%%
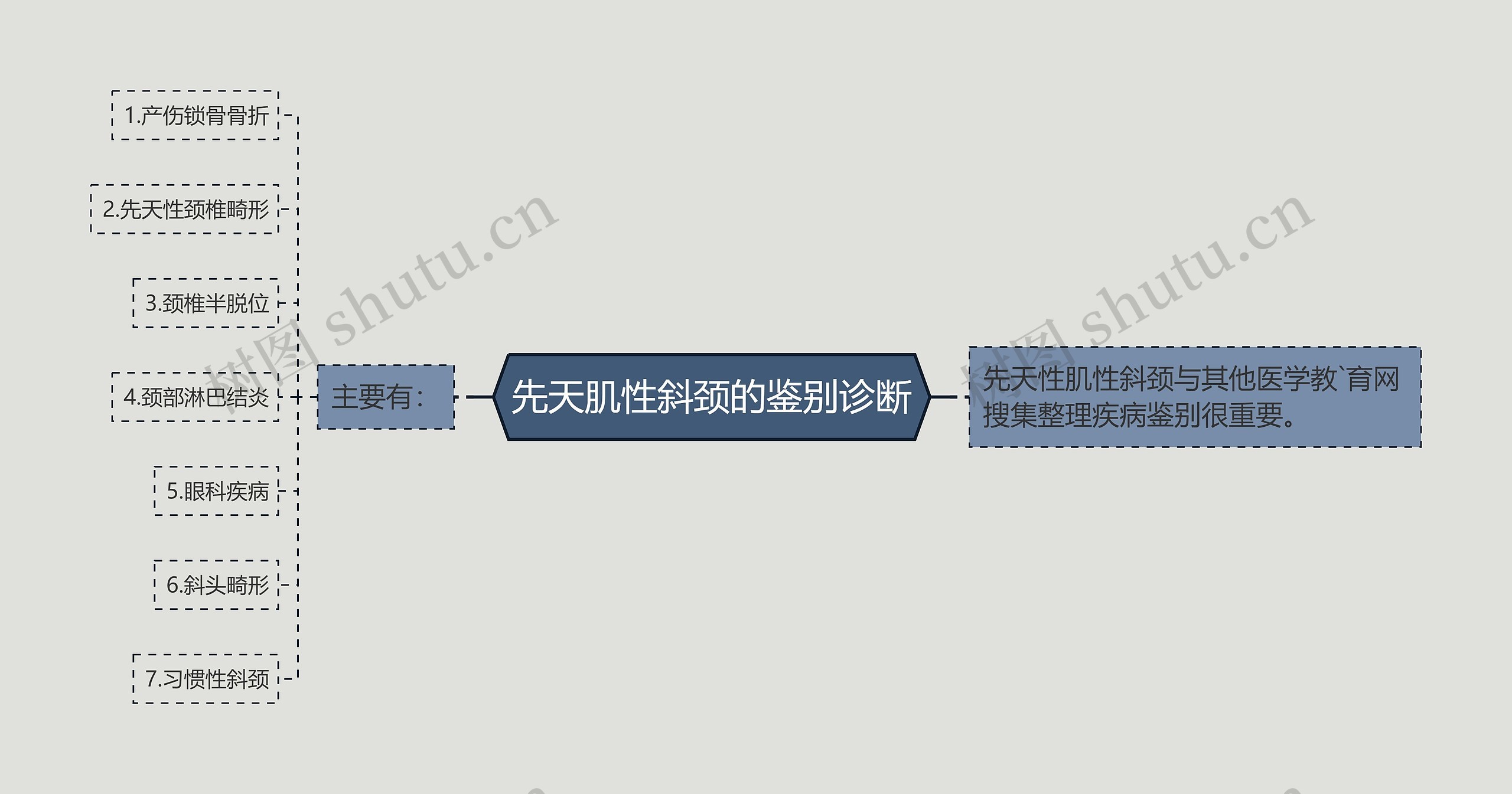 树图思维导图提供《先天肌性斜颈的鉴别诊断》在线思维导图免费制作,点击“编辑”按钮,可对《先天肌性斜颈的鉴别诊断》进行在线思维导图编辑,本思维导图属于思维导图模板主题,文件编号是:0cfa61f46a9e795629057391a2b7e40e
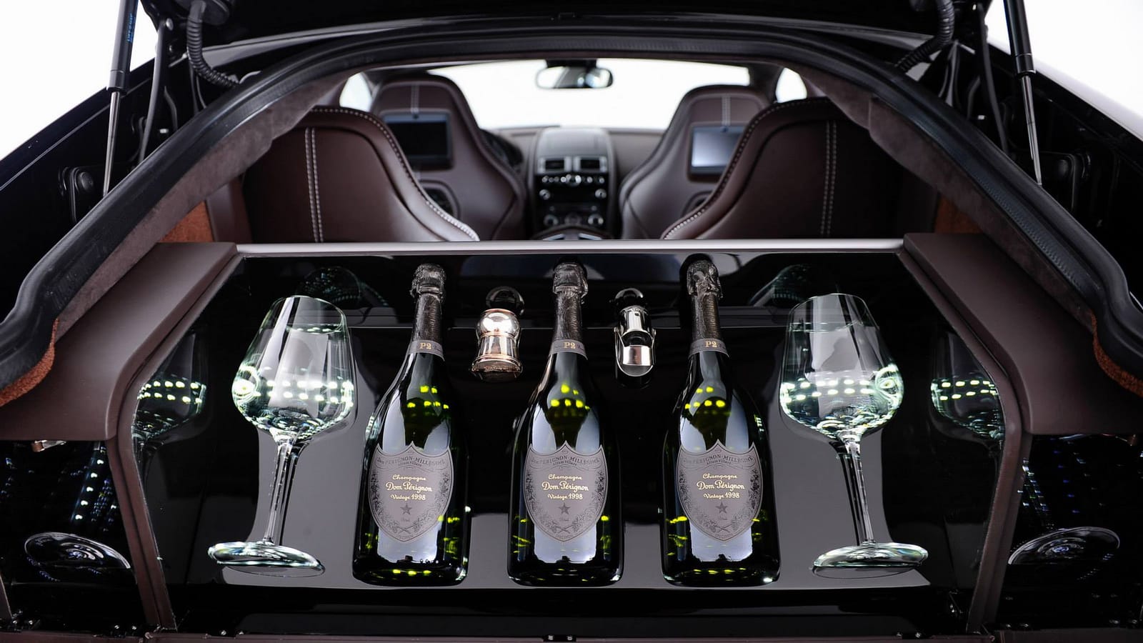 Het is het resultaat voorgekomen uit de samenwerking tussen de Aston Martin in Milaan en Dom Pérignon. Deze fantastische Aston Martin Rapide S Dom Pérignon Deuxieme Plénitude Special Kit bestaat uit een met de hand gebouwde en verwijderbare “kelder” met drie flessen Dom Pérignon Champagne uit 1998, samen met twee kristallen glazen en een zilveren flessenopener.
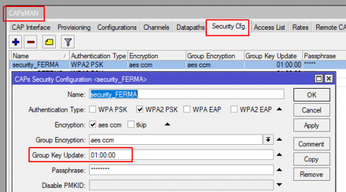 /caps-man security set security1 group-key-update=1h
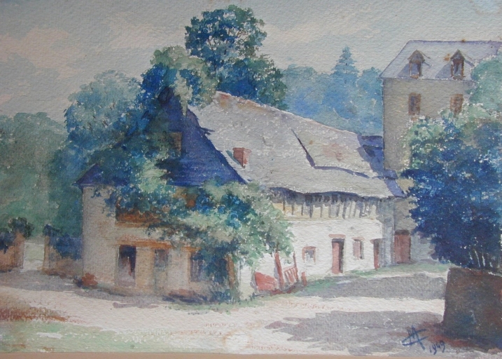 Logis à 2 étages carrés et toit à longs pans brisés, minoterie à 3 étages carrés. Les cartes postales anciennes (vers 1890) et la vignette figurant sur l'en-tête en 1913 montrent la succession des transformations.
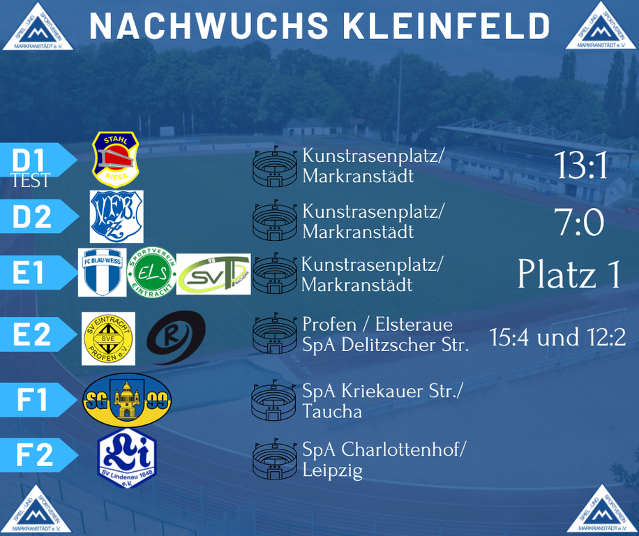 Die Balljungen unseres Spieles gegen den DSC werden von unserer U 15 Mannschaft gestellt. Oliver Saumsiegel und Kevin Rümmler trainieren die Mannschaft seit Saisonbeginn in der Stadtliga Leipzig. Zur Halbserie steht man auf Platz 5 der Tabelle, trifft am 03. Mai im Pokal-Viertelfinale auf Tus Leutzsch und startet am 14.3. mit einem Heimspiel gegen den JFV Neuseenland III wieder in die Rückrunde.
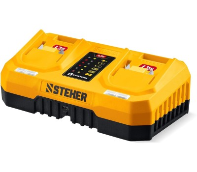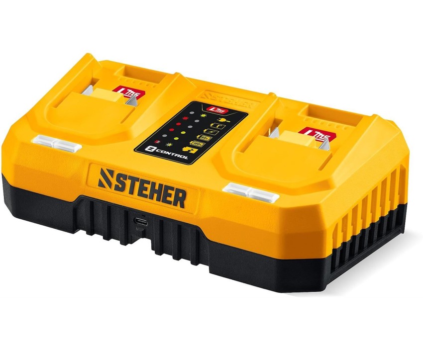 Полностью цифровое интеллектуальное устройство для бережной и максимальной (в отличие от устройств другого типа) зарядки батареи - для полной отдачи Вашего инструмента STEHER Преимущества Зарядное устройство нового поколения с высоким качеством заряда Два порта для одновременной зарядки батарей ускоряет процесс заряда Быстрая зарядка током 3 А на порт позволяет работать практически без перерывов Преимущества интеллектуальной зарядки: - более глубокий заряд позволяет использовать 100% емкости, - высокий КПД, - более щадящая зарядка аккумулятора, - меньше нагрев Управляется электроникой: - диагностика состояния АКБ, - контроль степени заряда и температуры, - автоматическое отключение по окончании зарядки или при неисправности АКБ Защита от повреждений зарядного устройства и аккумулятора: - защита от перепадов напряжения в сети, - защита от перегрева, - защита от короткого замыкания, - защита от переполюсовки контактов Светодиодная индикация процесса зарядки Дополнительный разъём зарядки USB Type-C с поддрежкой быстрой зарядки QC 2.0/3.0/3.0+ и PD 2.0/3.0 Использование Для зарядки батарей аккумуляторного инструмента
%%
* [Exercise]
Restate the data above word for word, omitting every picture.

* [Solution to this exercise]
 树图思维导图提供《先天肌性斜颈的鉴别诊断》在线思维导图免费制作,点击“编辑”按钮,可对《先天肌性斜颈的鉴别诊断》进行在线思维导图编辑,本思维导图属于思维导图模板主题,文件编号是:0cfa61f46a9e795629057391a2b7e40e
 Het is het resultaat voorgekomen uit de samenwerking tussen de Aston Martin in Milaan en Dom Pérignon. Deze fantastische Aston Martin Rapide S Dom Pérignon Deuxieme Plénitude Special Kit bestaat uit een met de hand gebouwde en verwijderbare “kelder” met drie flessen Dom Pérignon Champagne uit 1998, samen met twee kristallen glazen en een zilveren flessenopener.
 /caps-man security set security1 group-key-update=1h
 Logis à 2 étages carrés et toit à longs pans brisés, minoterie à 3 étages carrés. Les cartes postales anciennes (vers 1890) et la vignette figurant sur l'en-tête en 1913 montrent la succession des transformations.
 Die Balljungen unseres Spieles gegen den DSC werden von unserer U 15 Mannschaft gestellt. Oliver Saumsiegel und Kevin Rümmler trainieren die Mannschaft seit Saisonbeginn in der Stadtliga Leipzig. Zur Halbserie steht man auf Platz 5 der Tabelle, trifft am 03. Mai im Pokal-Viertelfinale auf Tus Leutzsch und startet am 14.3. mit einem Heimspiel gegen den JFV Neuseenland III wieder in die Rückrunde.
 Полностью цифровое интеллектуальное устройство для бережной и максимальной (в отличие от устройств другого типа) зарядки батареи - для полной отдачи Вашего инструмента STEHER Преимущества Зарядное устройство нового поколения с высоким качеством заряда Два порта для одновременной зарядки батарей ускоряет процесс заряда Быстрая зарядка током 3 А на порт позволяет работать практически без перерывов Преимущества интеллектуальной зарядки: - более глубокий заряд позволяет использовать 100% емкости, - высокий КПД, - более щадящая зарядка аккумулятора, - меньше нагрев Управляется электроникой: - диагностика состояния АКБ, - контроль степени заряда и температуры, - автоматическое отключение по окончании зарядки или при неисправности АКБ Защита от повреждений зарядного устройства и аккумулятора: - защита от перепадов напряжения в сети, - защита от перегрева, - защита от короткого замыкания, - защита от переполюсовки контактов Светодиодная индикация процесса зарядки Дополнительный разъём зарядки USB Type-C с поддрежкой быстрой зарядки QC 2.0/3.0/3.0+ и PD 2.0/3.0 Использование Для зарядки батарей аккумуляторного инструмента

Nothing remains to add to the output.